# Pure Web Video Editing
# Introduction
The WebCodecs API provides audio and video codec capabilities for the Web platform, making it possible to implement efficient, professional video editing products on the Web platform (browser, Electron).
Readers can refer to the author's introductory series (opens new window) for more detailed information, or directly use the WebAV (opens new window) open-source project to create/edit audio and video files in the browser.
# Background & Solutions
To address the need for simple video editing in live streaming content submission scenarios, we needed to develop a lightweight video editing product. This allows users to complete the live streaming - editing - submission workflow online.

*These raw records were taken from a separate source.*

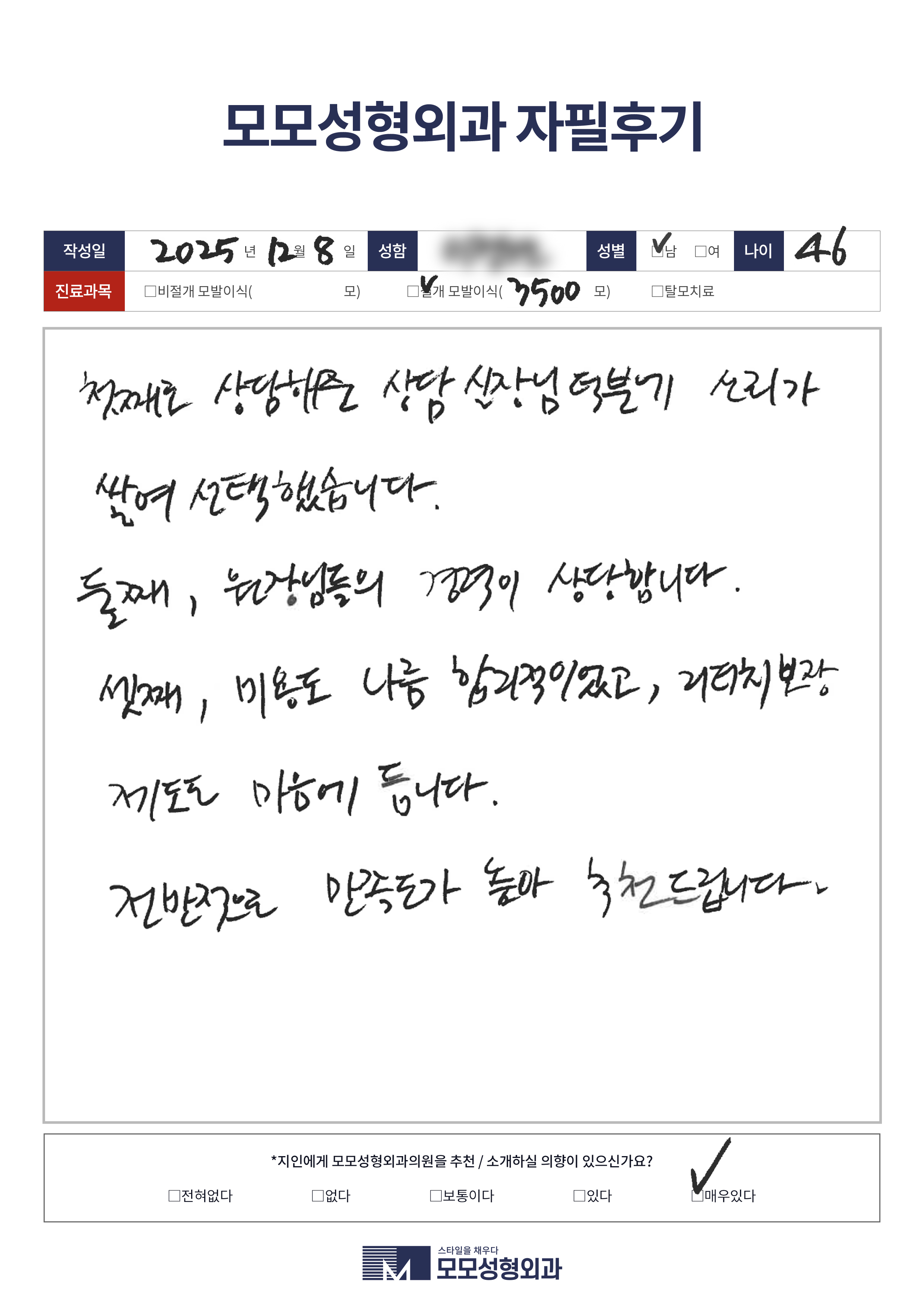 [40대]비절개모발이식3000모이상, M자이마
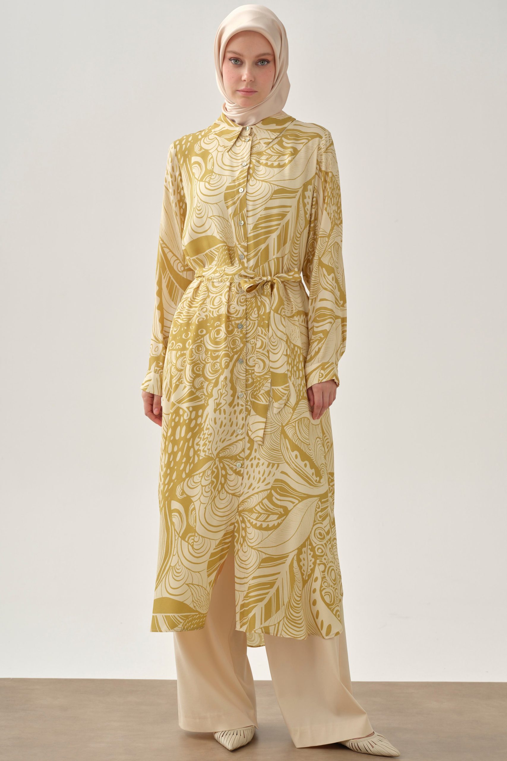 يقدم هذا التونيك الطويل بنقشاته الأنيقة وتفاصيل الحزام على الخصر مظهرًا أنثويًا راقيًا، ممزوجًا بالأناقة والراحة. خيار مثالي للملابس اليومية أو للمناسبات الخاصة.
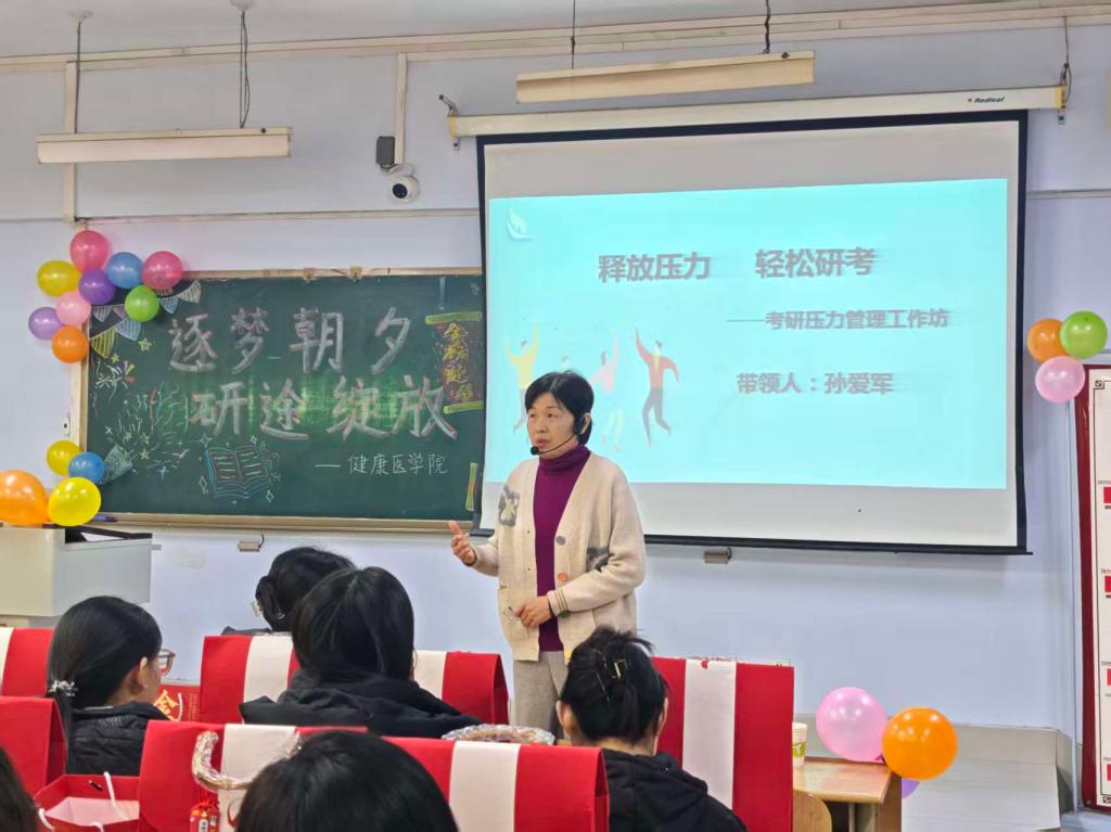 随后,马克思主义学院副教授、国家二级心理咨询师孙爱军根据多年辅导经验,为同学们带来一场实用的心理调适分享。她细致讲解了压力疏导的方法,传授了积极心理暗示的技巧,并鼓励大家:“坚持追梦的人,本身就是自己的英雄!”真诚的话语点燃了在场学子的斗志。
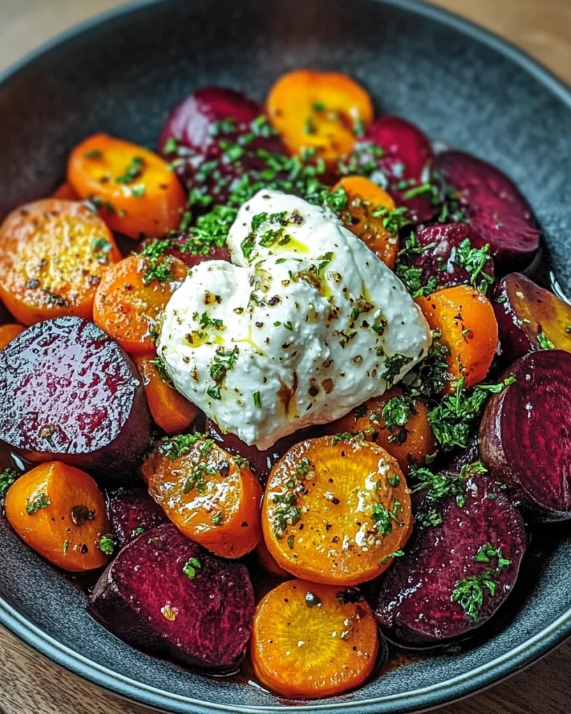 This Vibrant Roasted Beets & Carrots with Burrata Salad is a celebration of color, texture, and bold yet balanced flavors. Roasted golden and red beets paired with tender carrots create a naturally sweet, earthy base. Wilted beet greens add depth, while creamy burrata and a tangy rosemary-honey vinaigrette tie it all together in one showstopping salad. Whether served warm or at room temperature, this dish is as nourishing as it is beautiful—perfect as a vegetarian main or stunning side.
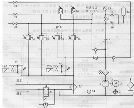 1-通氣過濾器;2-加熱器, 3-雙速電動機(jī)14定量液壓泵;5帶樗染指示精過濾器; 6、8單向閥;7、11、21截止閥,9、10、17 -節(jié)流周;12蓄能器;13壓力表; 14、15壓力繼電器;16、20先導(dǎo)式溢流閥l 18、19 -溢流閥;22、23二位四通電磁換向閥;24電接觸式溫度計(jì);25水冷卻器;26二位二通電磁水閥;27水截止閥

Current video editing solutions on the Web platform include:
- Cloud-based: Web UI for editing, with user operations synchronized to cloud for processing
- ffmpeg.wasm: Compiling ffmpeg to WebAssembly for in-browser editing
- WebCodecs: Using WebCodecs API for video data encoding/decoding, combined with Web APIs and third-party libraries
Cloud | ffmpeg.wasm | WebCodecs | |
---|---|---|---|
Cost | Poor | Good | Good |
Ecosystem | Good | Medium | Poor |
Extensibility | Medium | Poor | Good |
Compatibility | Good | Good | Poor |
Performance | Medium | Poor | Good |
# Solution Analysis
The WebCodecs solution offers clear advantages in cost and extensibility, though its ecosystem maturity and compatibility are somewhat lacking.
Cloud-based solutions are currently mainstream; with sufficient project budget, they can complement WebCodecs well.
ffmpeg.wasm is impractical due to poor performance.
WebCodecs Solution
Advantages
- Cost: Requires minimal Web development to implement frontend editing features, reducing both development costs and technical complexity, with no server running or maintenance costs
- Extensibility: Easy integration with Canvas and WebAudio for custom functionality
Disadvantages
- Ecosystem Maturity: Lacks readily available transitions, filters, effects, and supports limited container formats
- Compatibility: Requires Chrome/Edge 94+ (approximately 10% of users incompatible)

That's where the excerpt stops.